Song by David Bowie

from the album Diamond Dogs
- Released: 24 May 1974
- Recorded: Early 1974
- Studio: Olympic, London
- Genre: Glam rock
- Length: 1:10
- Label: RCA
- Songwriter(s): David Bowie "Bewitched, Bothered and Bewildered" by Richard Rodgers
- Producer(s): David Bowie

= Future Legend =

"Future Legend" is the opening track of David Bowie's 1974 album Diamond Dogs. Its spoken narrative introduces the album's setting in a "glitter apocalypse".

==Music and lyrics==
Barely a minute in length, "Future Legend" begins with a distorted howl and features Bowie's spoken-word vision of a post-apocalyptic Manhattan, now renamed Hunger City. He describes "fleas the size of rats" and "rats the size of cats", and compares the humanoid inhabitants to "packs of dogs".

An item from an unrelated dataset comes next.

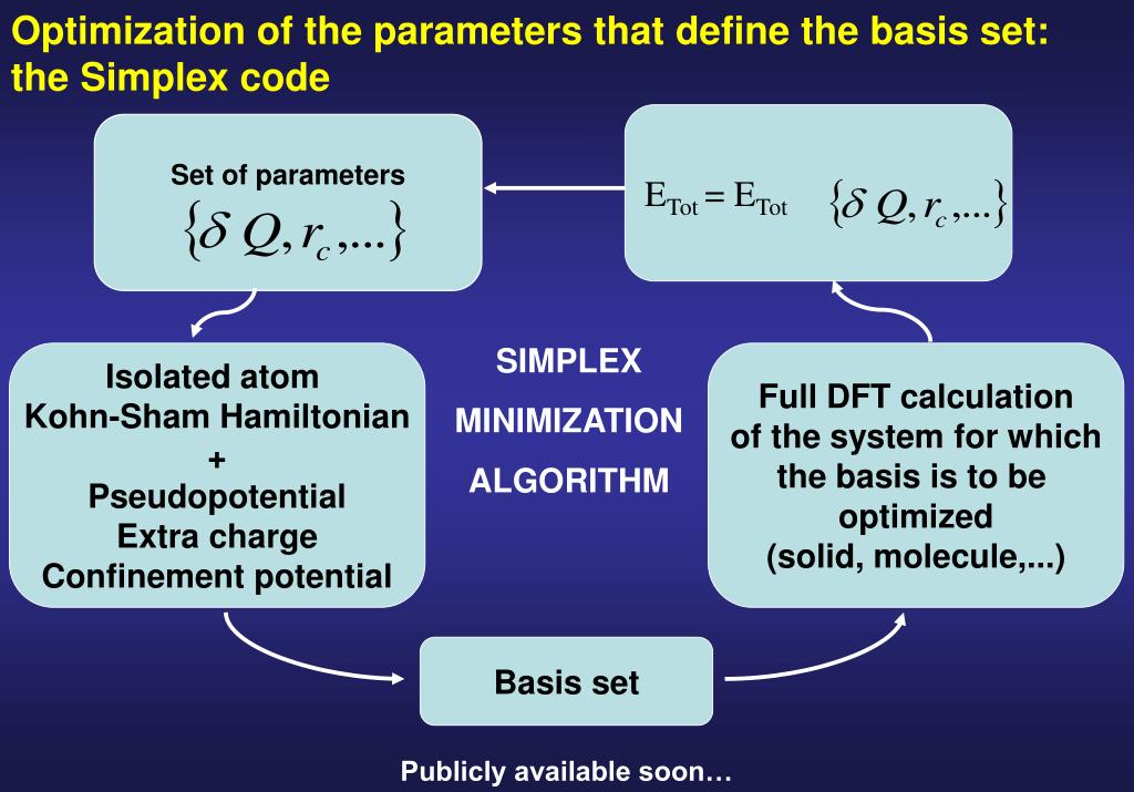 Optimization of the parameters that define the basis set: the Simplex code ETot = ETot Set of parameters SIMPLEX MINIMIZATION ALGORITHM Isolated atom Kohn-Sham Hamiltonian + Pseudopotential Extra charge Confinement potential Full DFT calculation of the system for which the basis is to be optimized (solid, molecule,...) Basis set Publicly available soon…
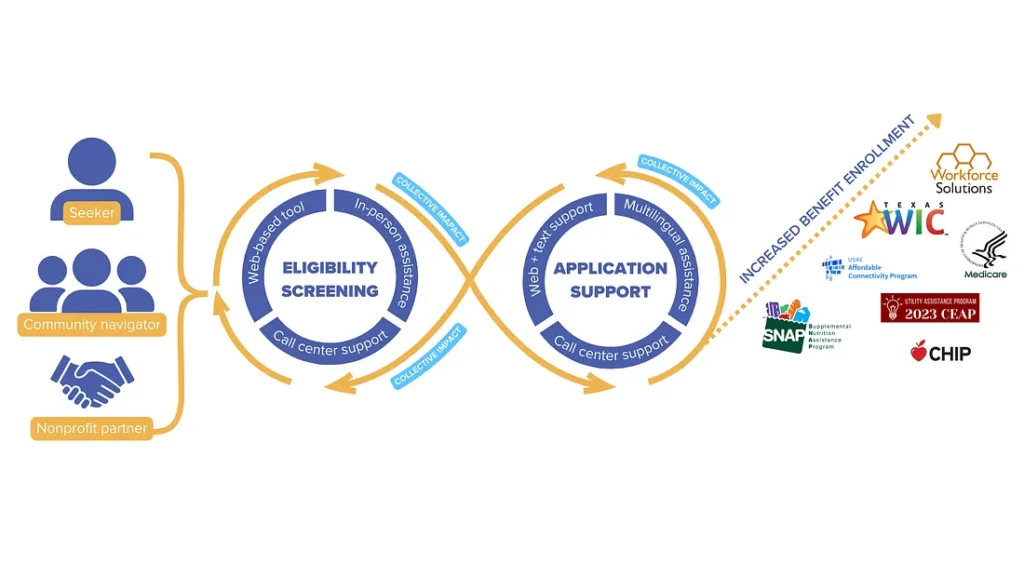 Community-based organizations, schools, and healthcare providers are well-poised to help families overcome these obstacles. However, public benefit programs are also difficult to navigate, and they operate without assistive tools to cut down on time and red tape. This causes the benefits enrollment gap to widen, putting our most vulnerable populations at risk — especially children and their families, those without reliable Internet access, and low-income Harris County renters.

Halfway through the narration, the Richard Rodgers' tune "Bewitched, Bothered and Bewildered" strikes up, the song and its composer appear on the track list of the original vinyl album but this credit is omitted on CD releases (with the exception of the first one made in West Germany for the European market in 1984). "Future Legend" then transitions into the album's title track with the cry, "This ain't rock and roll. This is genocide!"

The narrative has been compared to the writings of William Burroughs, particularly such phrases as "a baying pack of people" in Naked Lunch.

==Other uses==
A backing tape of the track was played as the lead-in to "Diamond Dogs" at some performances on Bowie's North American tour in 1974.